An experiment about Numpy and HPy
The C API of CPython is one of the cause of the success of Python in scientific computing. In particular, Numpy (and all the Python scientific stack) is built on top of this API. However, some characteristics of this API start to be an issue for the future of scientific Python (see 1, 2, HPy).
HPy is a very ambitious and promissing project to design a new and better C API for interacting with Python interpreters. It should allow people to write Python extensions efficient on different interpreters (CPython, PyPy, Jython, IronPython, GraalPython, RustPython, etc.).
PyPy would be especially useful for some scientific applications. For example for Integration and ODEs (scipy.integrate), for which there are a lot of callbacks of very small functions. This repository contains a tiny benchmark showing that as long as Numpy is not used, PyPy is very efficient for such task. Unfortunately, as soon as Numpy is used, PyPy becomes very slow!

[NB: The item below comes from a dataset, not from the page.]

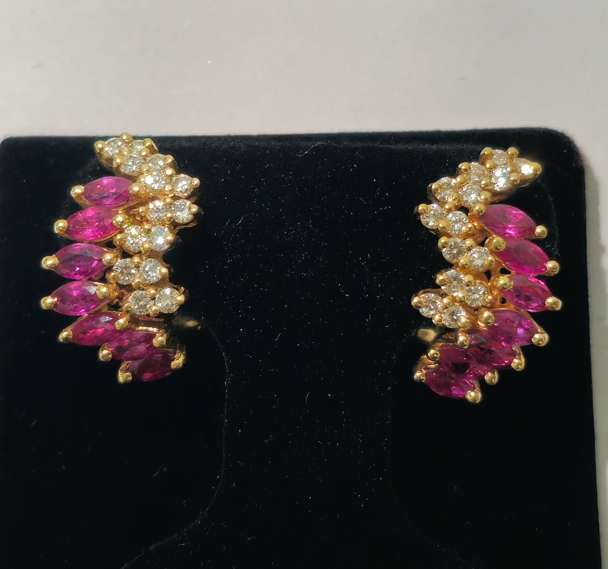 Perfect ladies ruby and diamond earrings. 100% natural earth mined precious gemstones. Excellent luster and finish.  Metal: 14k yellow gold. 1.00...

With PicoNumpy, I'd like to study if HPy could help for codes using Numpy and callbacks of small Python functions.
We start by a simple but realistic benchmark (the slow loops only involve pure-Python and very simple Numpy). We then wrote a tiny ("pico") implementation of a Numpy like object (just sufficient to run the benchmark).

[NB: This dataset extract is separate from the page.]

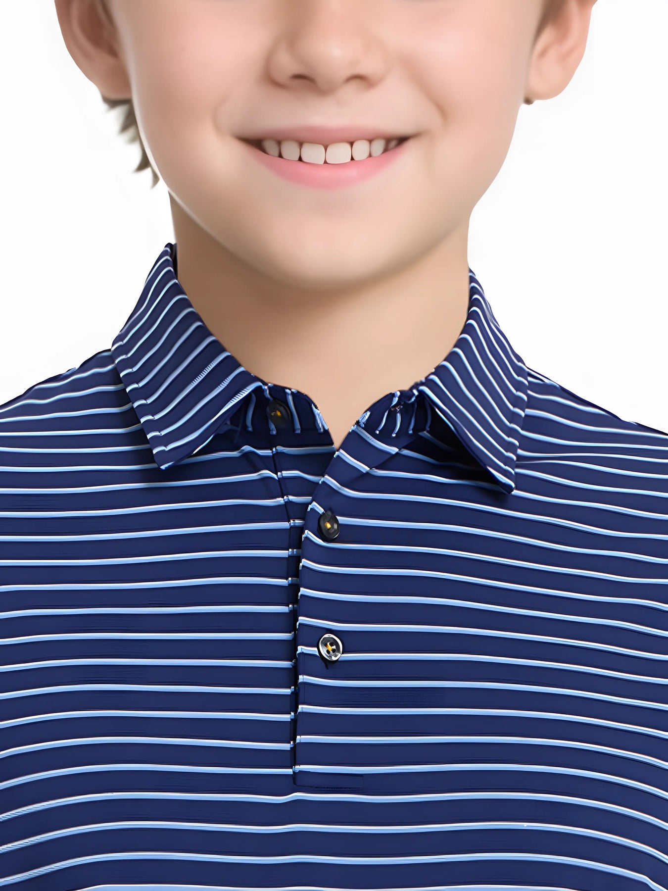 Discover the versatility of our Youth Performance Golf Polos. Style meets functionality in these boys' golf shirts featuring a no-roll collar, tag-free design, and durable stitching. Easy to care for, they maintain softness and shape wash after wash. Stay comfortable all day with quick-dry, moisture-wicking, stretch, and breathable fabric.

The next task is to reimplement PicoNumpy using HPy and to check if PyPy could efficiently accelerate our main benchmark.

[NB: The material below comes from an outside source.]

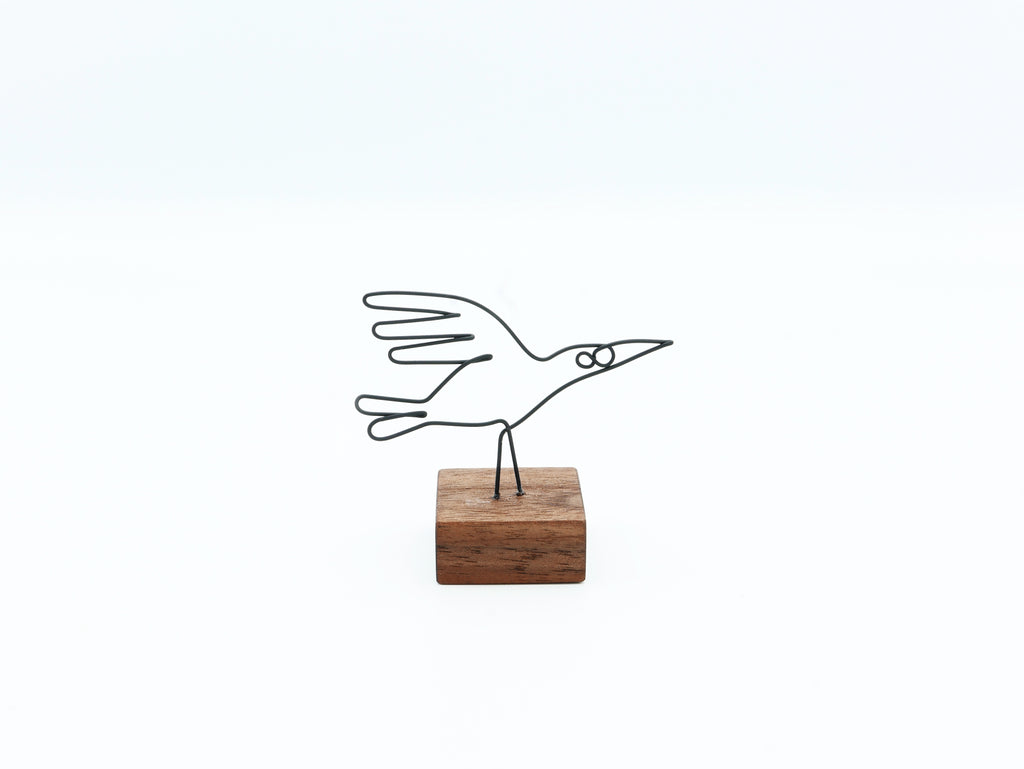 一筆書きのようにワイヤーで作られるのは、主に鳥や人物。

PicoNumpy is really tiny. It just provides an array
class (one-dimensional)
supporting:
- Instantiation from a list of floats
- Elementwise multiplication and division by a float
- Elementwise addition (of 2 arrays)
- Indexing
len
A good acceleration by PyPy of our example would be a great proof that the scientific Python community has to invest time and energy on HPy.
In the script bench_array1d.py, Transonic is used for the benchmark and comparison. With Transonic-Pythran, we typically get a 50 speedup compared to CPython (and ~400 versus PyPy, which is still very slow for such codes using Numpy).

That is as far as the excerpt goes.